In the heart of Paris’ Triangle d’or, a bright orange glow shines from the center of a new Issey Miyake store.

According to the designer Tokujin Yoshioka, this shade represents the feelings evoked by Paris, but also instills the emotions he hopes the space brings its visitors. It’s created through the use of bright orange aluminum sheets, which are applied across the walls of the two-floor boutique.

“In Issey Miyake’s flagship stores around the world, I’ve tried to incorporate symbolic colors into the space that evoke the city in which they are located,” Yoshioka tells Hypebeast. “This orange is also the color of the sun, which gives a sense of energy for the future.”

In addition, the use of a bright colour juxtaposes the rest of the 19th century space. This blending of the old and the new was a foundational concept to the overall interior design, and manifests in other details dotted around the building – from clear glass furniture, to traditional terrazzo flooring. From the outside, however, it was important that the building appeared much as it would’ve done when it was designed some 200 years ago.

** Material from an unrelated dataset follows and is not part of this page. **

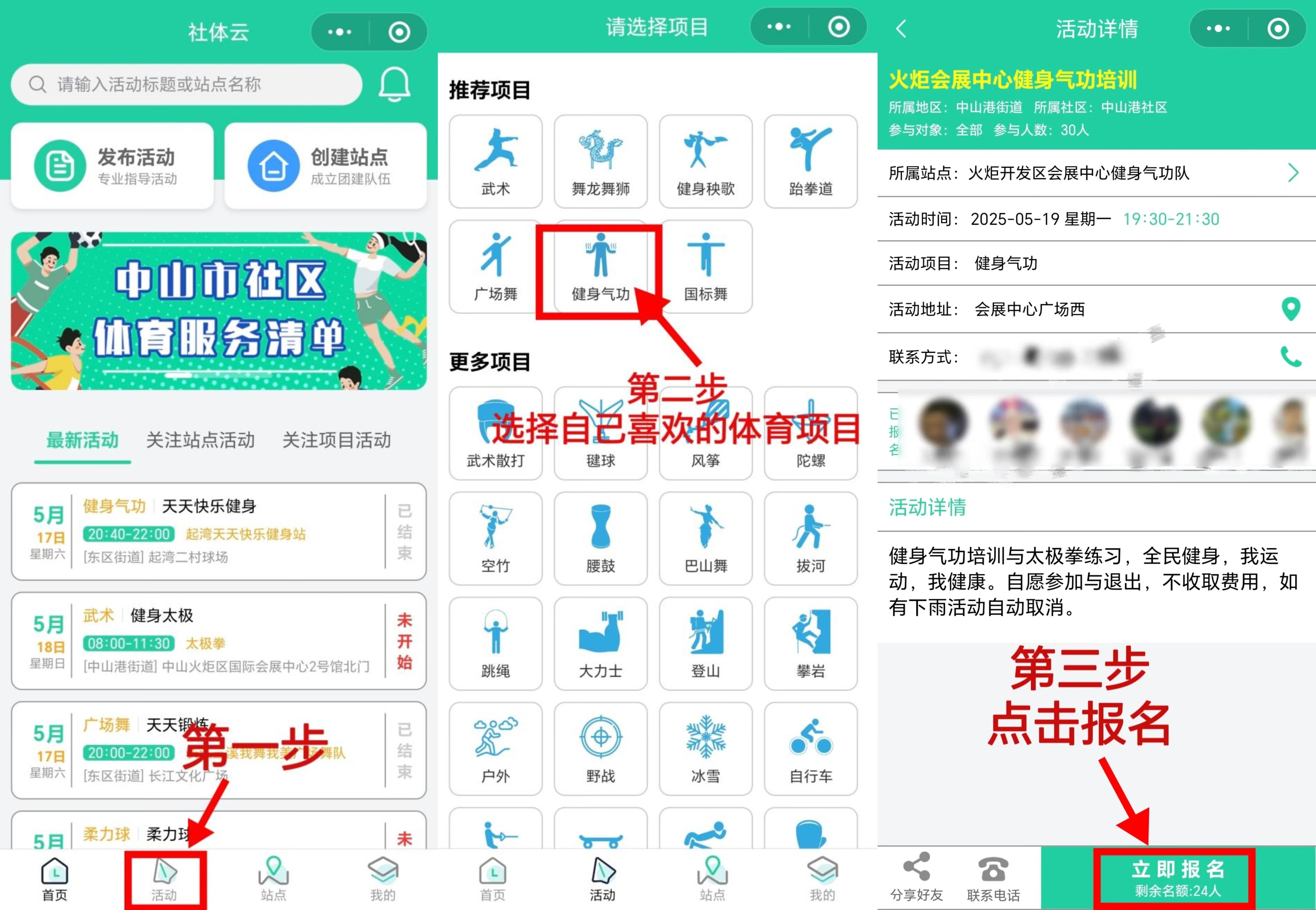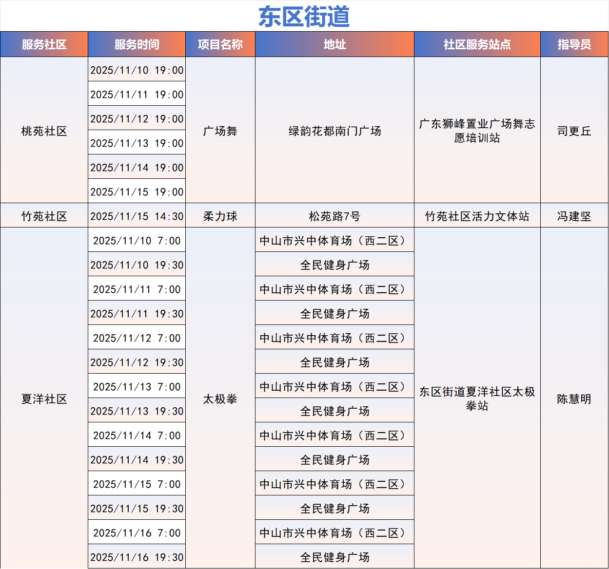 为加强科学健身指导服务,中山市体育发展中心积极发动各运动项目的社会体育指导员,携手各镇街社会体育指导站点,广泛开展社区体育服务。社区体育服务涵盖健身指导、群众体育项目展示及培训等公益服务,现在各镇街的体育服务已就位:太极拳、广场舞、篮球、国标舞、健身气功等,总有一款击中你的运动DNA。

“I like to think about history and the future, and times not experienced by people today,” Yoshioka says. “I wanted to create a space that symbolizes energy for the future to represent the brand by retaining historical elements such as the façade and structural elements while contrasting and merging them with the contemporary interior.”

“I try to create spaces that have never been seen before”

As you’d expect with a Yoshioka project, the store is minimalistic in style. Long rails are crafted from brushed metal, mirrors sit flush to the wall, and display surfaces are made out of glass panels. In the centre of the store, beige-toned stools allow for a perching spot, and are inconspicuous enough as to not interfere with the rest of the design. “The space is designed to be minimalistic and the details are designed to give the impression of lightness,” the designer says.”For example, the clear glass furniture and long hanger rails are designed to give the appearance of clothes floating lightly in the air.”

The Paris flagship is the latest in a long string of collaborations between the Japanese designer and fashion label. Yoshioka met Issey Miyake over three decades ago, when he studied under himself and Shiro Kuramata – the creator of the iconic Miss Blanche chair.

“I actually met Issey Miyake through Shiro Kuramata,” Yoshioka – who was born in 1967 – recalls. “At Mr. Miyake’s studio, I was designing accessories such as hats and bags for the Paris Collection, and I was in charge of the installations for the exhibitions, including the “Making Things” exhibition held at the Fondation Cartier pour l’art contemporain.” In the years since, the designer has kept a close relationship with the brand, and has gone on to create flagship stores in Tokyo, Milan, and London, among others.

But when designing spaces for a brand that makes minimalism its mission, where do you look for fresh inspiration? “In Issey Miyake’s work, I have always noticed the challenge of new expressions,” he says. “In response to this characteristic, I try to create spaces that have never been seen before.”

The new Issey Miyake store is located on 28 rue François 1er, and opens to the public on February 26.